◆ Stored data:

== Segment start ==

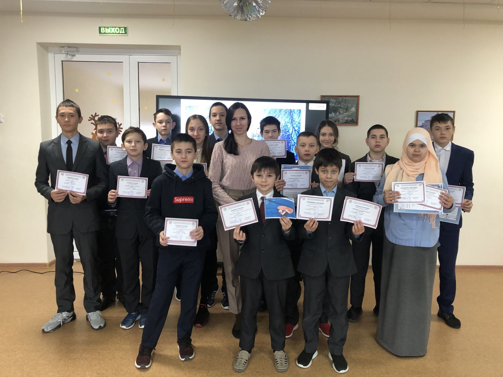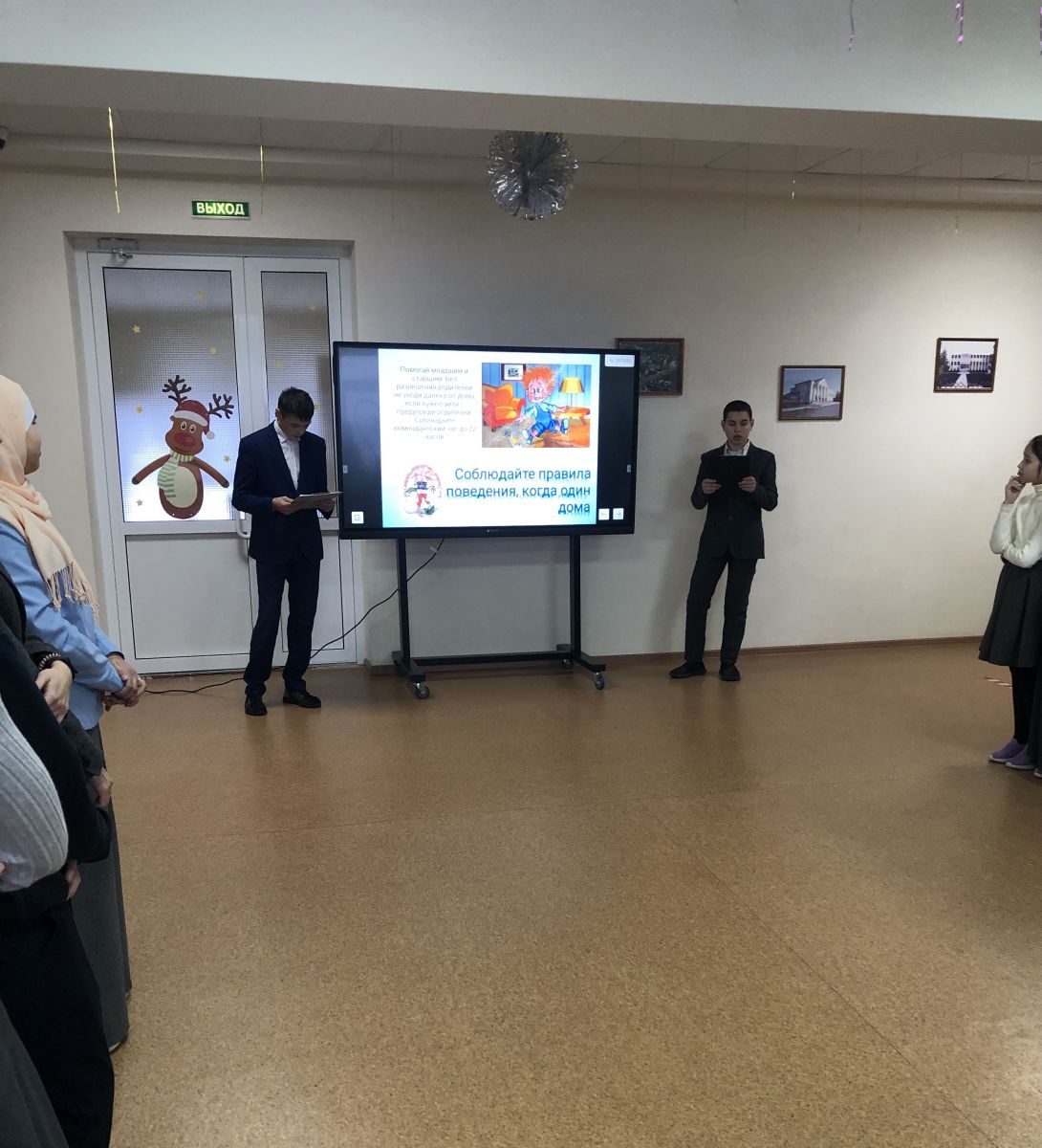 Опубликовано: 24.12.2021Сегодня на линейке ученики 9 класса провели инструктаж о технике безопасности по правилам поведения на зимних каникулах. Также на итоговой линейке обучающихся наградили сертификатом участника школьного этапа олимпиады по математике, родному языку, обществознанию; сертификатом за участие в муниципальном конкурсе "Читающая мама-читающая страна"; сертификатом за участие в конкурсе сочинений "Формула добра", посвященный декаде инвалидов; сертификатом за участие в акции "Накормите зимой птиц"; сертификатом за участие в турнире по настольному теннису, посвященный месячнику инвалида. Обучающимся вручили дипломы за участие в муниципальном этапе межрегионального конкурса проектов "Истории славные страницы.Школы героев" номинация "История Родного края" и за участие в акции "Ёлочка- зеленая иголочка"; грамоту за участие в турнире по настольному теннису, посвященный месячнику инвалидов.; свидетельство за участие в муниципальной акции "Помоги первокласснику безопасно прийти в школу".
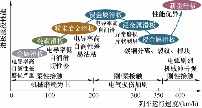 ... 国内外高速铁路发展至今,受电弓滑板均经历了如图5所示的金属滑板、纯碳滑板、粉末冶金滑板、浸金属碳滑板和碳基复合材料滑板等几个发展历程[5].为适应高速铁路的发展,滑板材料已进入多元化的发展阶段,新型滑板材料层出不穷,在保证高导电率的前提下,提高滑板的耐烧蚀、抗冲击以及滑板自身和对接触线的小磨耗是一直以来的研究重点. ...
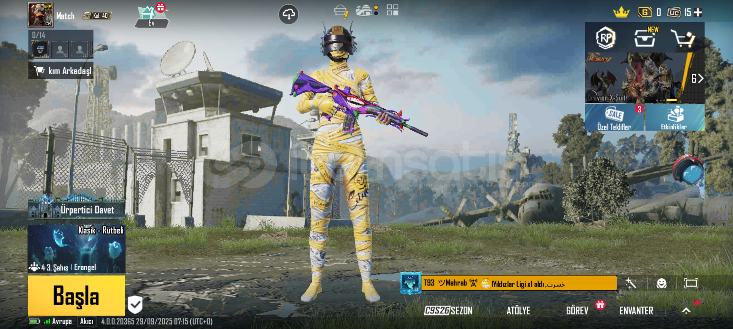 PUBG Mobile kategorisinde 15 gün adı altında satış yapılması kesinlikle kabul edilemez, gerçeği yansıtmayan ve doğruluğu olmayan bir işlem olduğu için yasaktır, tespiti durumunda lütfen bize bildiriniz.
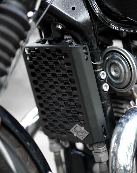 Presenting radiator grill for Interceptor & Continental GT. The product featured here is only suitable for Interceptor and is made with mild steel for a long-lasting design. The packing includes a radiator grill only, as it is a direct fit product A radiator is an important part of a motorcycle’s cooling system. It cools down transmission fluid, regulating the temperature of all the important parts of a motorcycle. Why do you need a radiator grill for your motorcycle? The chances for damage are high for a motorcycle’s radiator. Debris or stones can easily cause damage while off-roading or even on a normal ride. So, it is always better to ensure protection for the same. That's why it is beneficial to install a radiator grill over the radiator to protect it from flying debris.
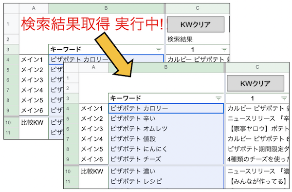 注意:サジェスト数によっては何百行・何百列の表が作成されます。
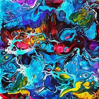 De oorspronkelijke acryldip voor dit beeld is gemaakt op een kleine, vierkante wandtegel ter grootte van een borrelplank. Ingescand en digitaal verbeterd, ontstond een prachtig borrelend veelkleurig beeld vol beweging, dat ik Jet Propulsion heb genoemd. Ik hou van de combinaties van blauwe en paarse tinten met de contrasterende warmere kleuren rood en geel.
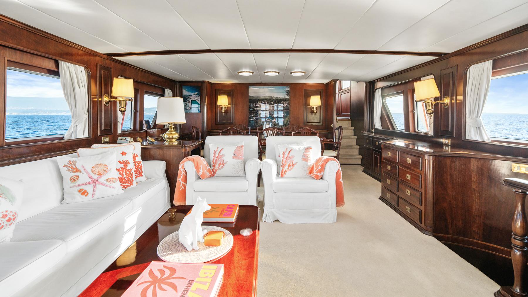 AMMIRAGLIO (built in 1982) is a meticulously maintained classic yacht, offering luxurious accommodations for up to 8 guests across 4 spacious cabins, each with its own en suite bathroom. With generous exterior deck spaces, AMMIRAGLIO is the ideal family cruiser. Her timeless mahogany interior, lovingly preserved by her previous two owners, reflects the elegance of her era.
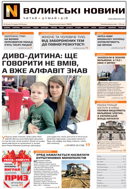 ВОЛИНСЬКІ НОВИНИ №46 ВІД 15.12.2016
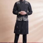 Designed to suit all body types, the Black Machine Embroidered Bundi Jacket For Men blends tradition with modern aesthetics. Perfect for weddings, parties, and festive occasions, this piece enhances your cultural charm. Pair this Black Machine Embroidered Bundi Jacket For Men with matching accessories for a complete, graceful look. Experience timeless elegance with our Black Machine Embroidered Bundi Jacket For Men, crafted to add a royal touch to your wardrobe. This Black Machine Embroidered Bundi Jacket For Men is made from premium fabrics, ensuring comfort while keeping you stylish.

== Segment end ==

◆ What to do:
All of the data should come back exactly as written, but without pictures.

◆ Exercise answer:
 Опубликовано: 24.12.2021Сегодня на линейке ученики 9 класса провели инструктаж о технике безопасности по правилам поведения на зимних каникулах. Также на итоговой линейке обучающихся наградили сертификатом участника школьного этапа олимпиады по математике, родному языку, обществознанию; сертификатом за участие в муниципальном конкурсе "Читающая мама-читающая страна"; сертификатом за участие в конкурсе сочинений "Формула добра", посвященный декаде инвалидов; сертификатом за участие в акции "Накормите зимой птиц"; сертификатом за участие в турнире по настольному теннису, посвященный месячнику инвалида. Обучающимся вручили дипломы за участие в муниципальном этапе межрегионального конкурса проектов "Истории славные страницы.Школы героев" номинация "История Родного края" и за участие в акции "Ёлочка- зеленая иголочка"; грамоту за участие в турнире по настольному теннису, посвященный месячнику инвалидов.; свидетельство за участие в муниципальной акции "Помоги первокласснику безопасно прийти в школу".
 ... 国内外高速铁路发展至今,受电弓滑板均经历了如图5所示的金属滑板、纯碳滑板、粉末冶金滑板、浸金属碳滑板和碳基复合材料滑板等几个发展历程[5].为适应高速铁路的发展,滑板材料已进入多元化的发展阶段,新型滑板材料层出不穷,在保证高导电率的前提下,提高滑板的耐烧蚀、抗冲击以及滑板自身和对接触线的小磨耗是一直以来的研究重点. ...
 PUBG Mobile kategorisinde 15 gün adı altında satış yapılması kesinlikle kabul edilemez, gerçeği yansıtmayan ve doğruluğu olmayan bir işlem olduğu için yasaktır, tespiti durumunda lütfen bize bildiriniz.
 Presenting radiator grill for Interceptor & Continental GT. The product featured here is only suitable for Interceptor and is made with mild steel for a long-lasting design. The packing includes a radiator grill only, as it is a direct fit product A radiator is an important part of a motorcycle’s cooling system. It cools down transmission fluid, regulating the temperature of all the important parts of a motorcycle. Why do you need a radiator grill for your motorcycle? The chances for damage are high for a motorcycle’s radiator. Debris or stones can easily cause damage while off-roading or even on a normal ride. So, it is always better to ensure protection for the same. That's why it is beneficial to install a radiator grill over the radiator to protect it from flying debris.
 注意:サジェスト数によっては何百行・何百列の表が作成されます。
 De oorspronkelijke acryldip voor dit beeld is gemaakt op een kleine, vierkante wandtegel ter grootte van een borrelplank. Ingescand en digitaal verbeterd, ontstond een prachtig borrelend veelkleurig beeld vol beweging, dat ik Jet Propulsion heb genoemd. Ik hou van de combinaties van blauwe en paarse tinten met de contrasterende warmere kleuren rood en geel.
 AMMIRAGLIO (built in 1982) is a meticulously maintained classic yacht, offering luxurious accommodations for up to 8 guests across 4 spacious cabins, each with its own en suite bathroom. With generous exterior deck spaces, AMMIRAGLIO is the ideal family cruiser. Her timeless mahogany interior, lovingly preserved by her previous two owners, reflects the elegance of her era.
 ВОЛИНСЬКІ НОВИНИ №46 ВІД 15.12.2016
 Designed to suit all body types, the Black Machine Embroidered Bundi Jacket For Men blends tradition with modern aesthetics. Perfect for weddings, parties, and festive occasions, this piece enhances your cultural charm. Pair this Black Machine Embroidered Bundi Jacket For Men with matching accessories for a complete, graceful look. Experience timeless elegance with our Black Machine Embroidered Bundi Jacket For Men, crafted to add a royal touch to your wardrobe. This Black Machine Embroidered Bundi Jacket For Men is made from premium fabrics, ensuring comfort while keeping you stylish.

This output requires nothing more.